As an extra point, do we want to provide a way to limit the domains a script (or package or however the setting may work) can bypass CORS on? Is that even feasible?
Updated by koszko about 2 years ago
BTW, we could also facilitate spoofing of the referer header for similar purposes
Are extensions allowed to spoof
referer? It's definitely needed, I fully agree, just (at least for webpages) not possible.
Does WebRequest not allow rewriting of this header?
Also, perhaps we'd be able to spoof a Referer: https://example.com/ header by opening https://example.com/ in some hidden page or iframe?
As an extra point, do we want to provide a way to limit the domains a script (or package or however the setting may work) can bypass CORS on? Is that even feasible?
Sure! Once we implement a permissions system, this is probably going to be the main use of it
Updated by jahoti about 2 years ago
Does WebRequest not allow rewriting of [the referer] header?
WebRequest probably does actually; thanks for pointing that out!

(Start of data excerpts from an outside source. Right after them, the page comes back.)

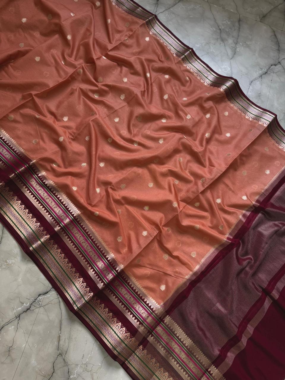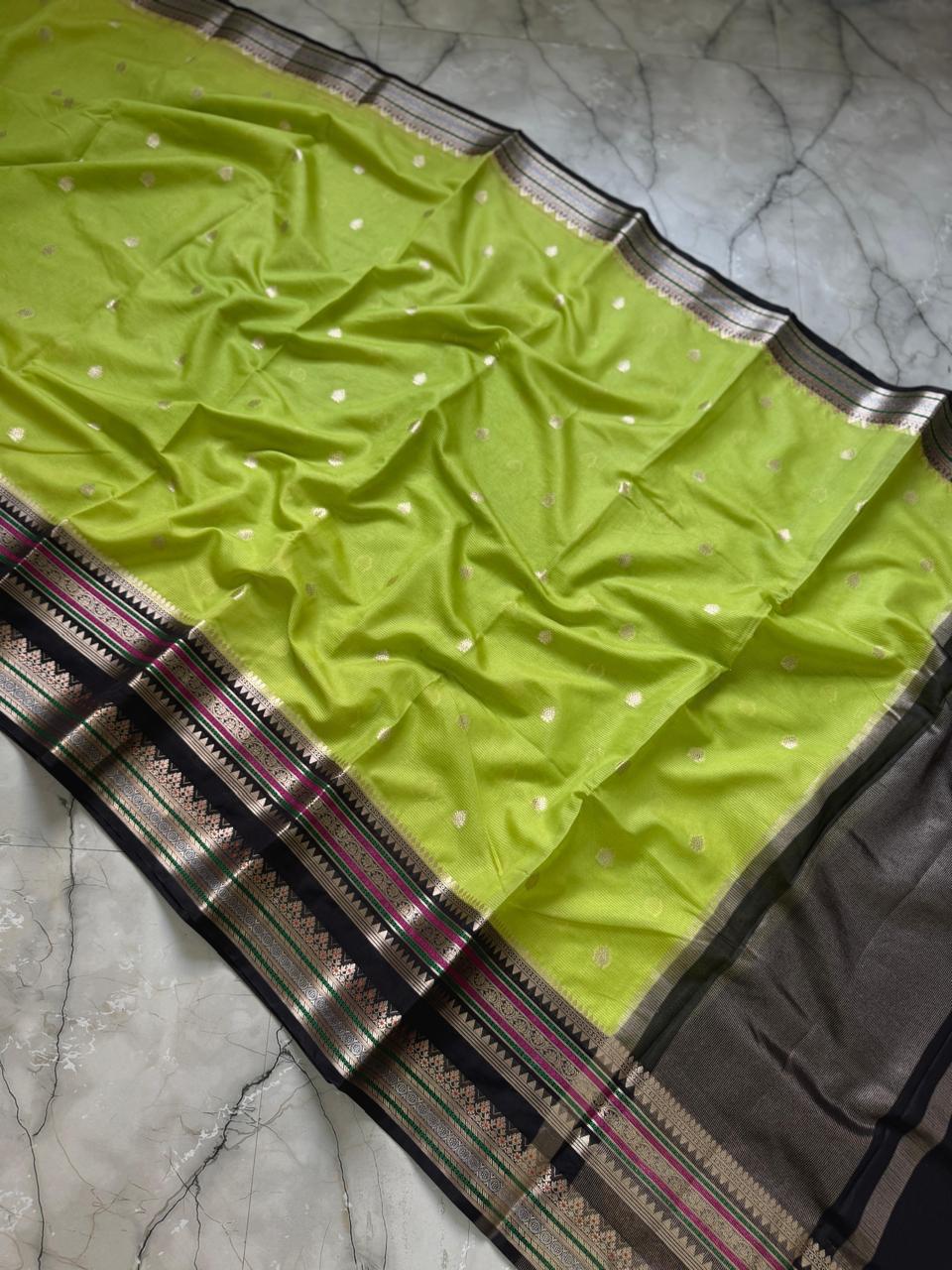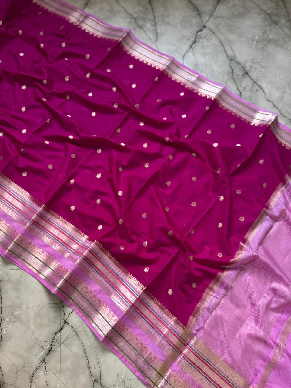 Banarasi Dupion Silk Saree with butti weaving and contrast blouse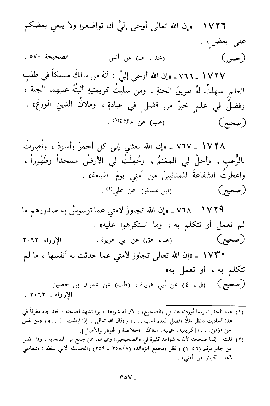 1730 - «إن الله تعالى تجاوز لأمتي عما حدثت به أنفسها ما لم تتكلم به أو تعمل به» .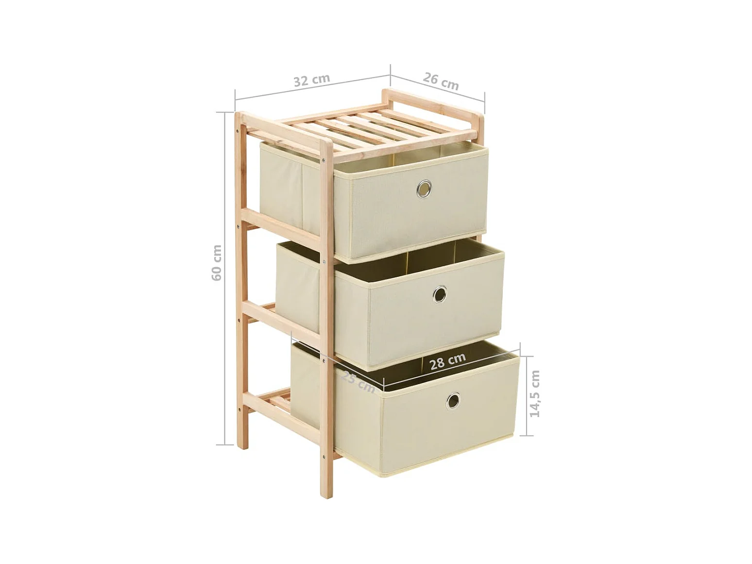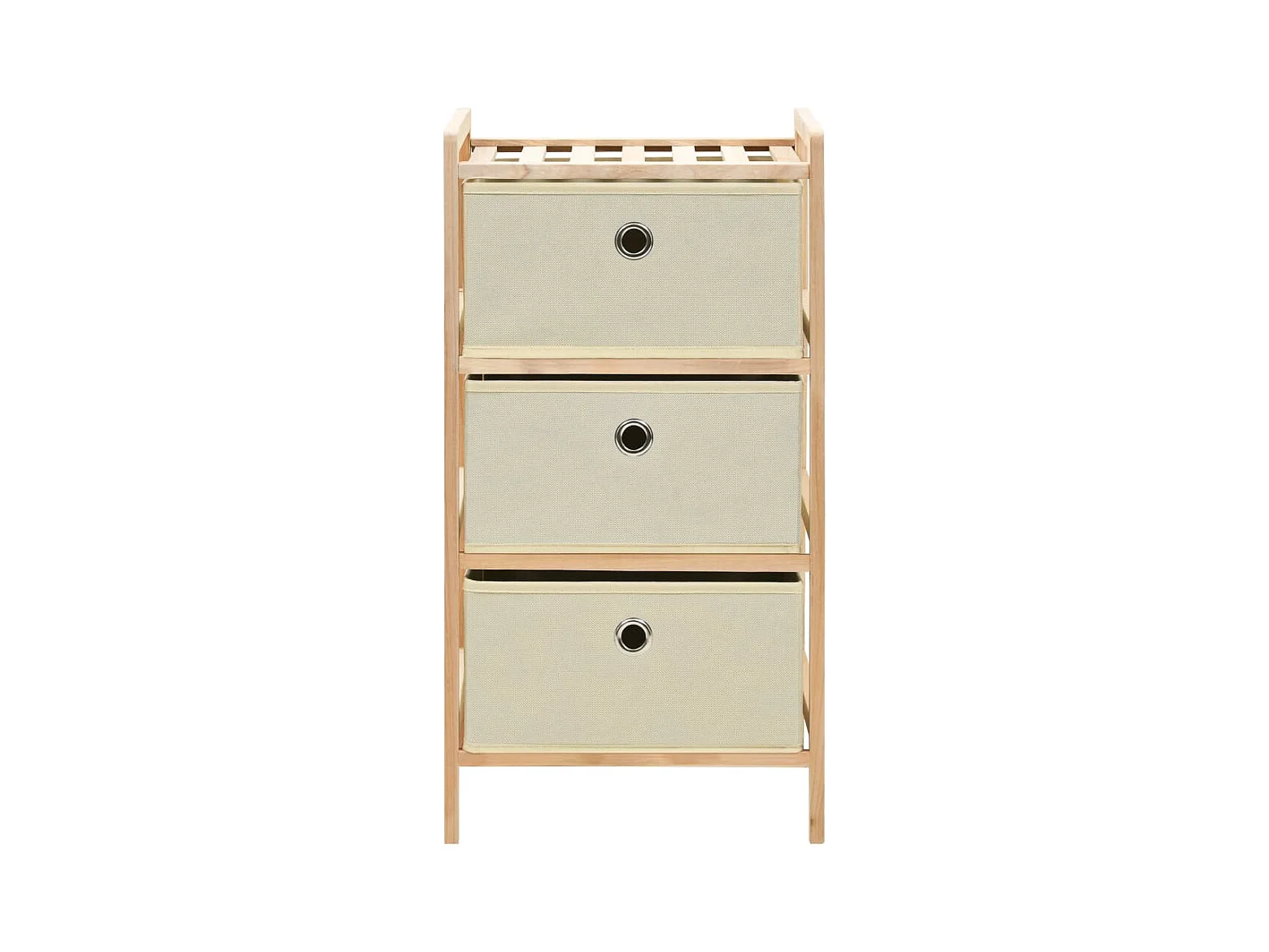 Korb-Kommode mit 3 Stoffkörben Zedernholz Beige

Also, perhaps we'd be able to spoof a Referer: https://example.com/ header by opening https://example.com/ in some hidden page or iframe?
That would definitely work- nevertheless, hopefully it isn't needed and using WebRequest is enough.
Updated by koszko about 2 years ago
Also, perhaps we'd be able to spoof a
Referer: https://example.com/header by openinghttps://example.com/in some hidden page or iframe?That would definitely work- nevertheless, hopefully it isn't needed and using WebRequest is enough.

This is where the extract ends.